De laatste jaren is het beleidsroer echter compleet omgegaan. Aan de hand van het Erkennen en Waarderen-programma is bij NWO het ene na het andere meetbare criterium uit het CV verwijderd. Vaak speelt het CV helemaal geen rol meer bij beslissingen over financiering door NWO. Bij Starters- en Stimuleringsbeurzen wordt honderden miljoenen euro per jaar aan onderzoeksgeld verdeeld over wetenschappers in een de facto loterij, niet op basis van onderzoekskwaliteiten.
De verdeling van dat geld over vakgebieden is gebaseerd op studentenaantallen, dus niet op aantallen onderzoekers of de relevantie van bepaald onderzoek voor Nederland. Het uithollen van selectiecriteria en financiering raakt de bèta en medische wetenschappen hard. Door de ondermaatse financiering van deze belangrijke onderzoeksgebieden dreigt Nederland internationaal de aansluiting te verliezen, met alle gevolgen voor onze economische positie en welvaart van dien.
Onbewezen
Een van de principes van goed bestuur is het leren van ‘best practices’; wat werkt, behoud je. Het Nederlandse wetenschapsbeleid was tientallen jaren in vele opzichten een mega best practice. Met een matig wetenschapsbudget draait Nederland mee aan de top van de wereld, bijvoorbeeld op citaties per wetenschapper, de beste (of tenminste minst slechte) indicator van wetenschappelijke impact. Dergelijke indicatoren verhouden zich zeer goed tot nut voor de maatschappij, bijvoorbeeld uitgedrukt in aantallen patenten.

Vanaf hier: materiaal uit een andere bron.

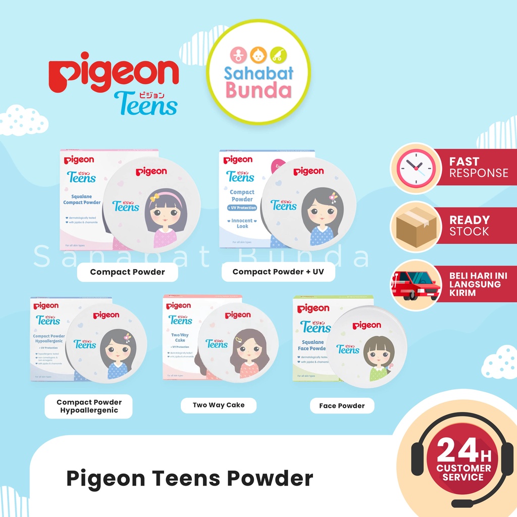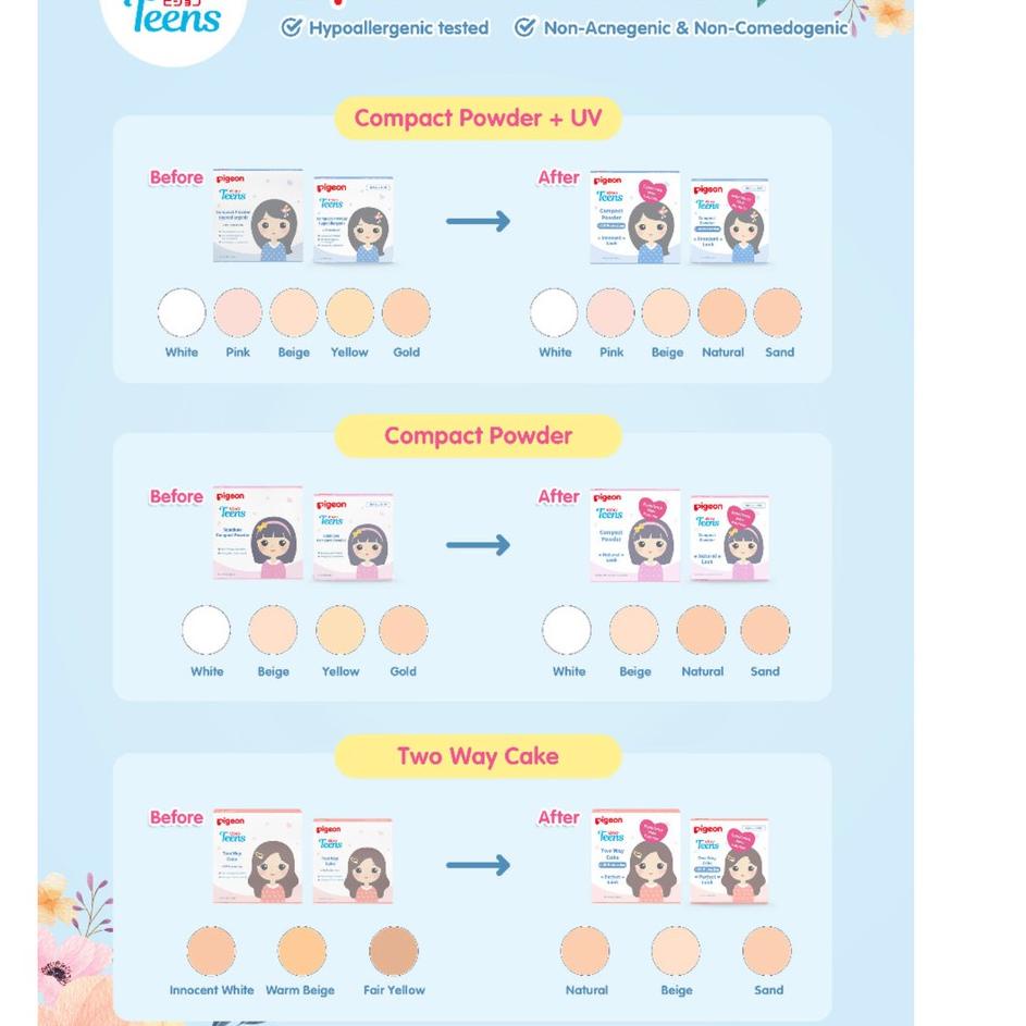 - PIGEON Teens - Compact Powder Face Powder Hypoallergenic Two Way Cake Bedak Padat Tabur Anak Remaja

Als je vindt dat dit beleid tekortkomingen heeft, ga je op kleine schaal, steeds lerend van fouten, aanpassingen maken en kijken of die werken. Dat is echter niet wat er gebeurde. Het oude beleid werd en wordt drastisch omgegooid naar een systeem waarbij wetenschappers meer gelijke financiering krijgen. Geleverde output van een wetenschapper (veruit de beste voorspeller van toekomstig succes) wordt minder belangrijk voor fondsenwerving en carrière. De consequentie is dat top-productieve onderzoekers minder geld krijgen, wat tot de logische voorspelling leidt dat er minder geproduceerd zal worden. Dat productiviteit minder dominant is, schept ook ruimte voor de wensen van bestuurders qua onderwerp en uitvoering van het onderzoek.
Wat je ook van dit nieuwe systeem vindt, er is geen bewijs dat het zal werken. Dat de nieuwe strategie haaks staat op de zeer succesvolle oude strategie, zou een grote bron van zorg moeten zijn: het gaat in tegen dat best practices-principe van goed bestuur. De oude strategie was trouwens een reactie op de strategie uit de jaren ’80, toen nauwelijks naar output werd gekeken en de Nederlandse wetenschap uitblonk in nepotisme en lage productiviteit.
Onbesproken
Een dergelijke drastische wijziging van beleid moet natuurlijk in overleg met de werkvloer, namelijk de wetenschappers, worden ondernomen. Ook de politiek moet daarin een stem krijgen, aangezien er vele miljarden belastinggeld mee gemoeid zijn en het belang ervan voor Nederland groot is. Ook dit is een principe van goed bestuur. Dit is echter wederom niet wat er gebeurde. De nieuwe strategie werd en wordt uitgedacht en uitgevoerd door universiteitsbestuurders en bestuurders van NWO. Protesten van vele bèta-wetenschappers via brieven, een KNAW-ledenvergadering en een enquête van ScienceGuide halen niets uit. Geen van de maatregelen is teruggedraaid of aangepast.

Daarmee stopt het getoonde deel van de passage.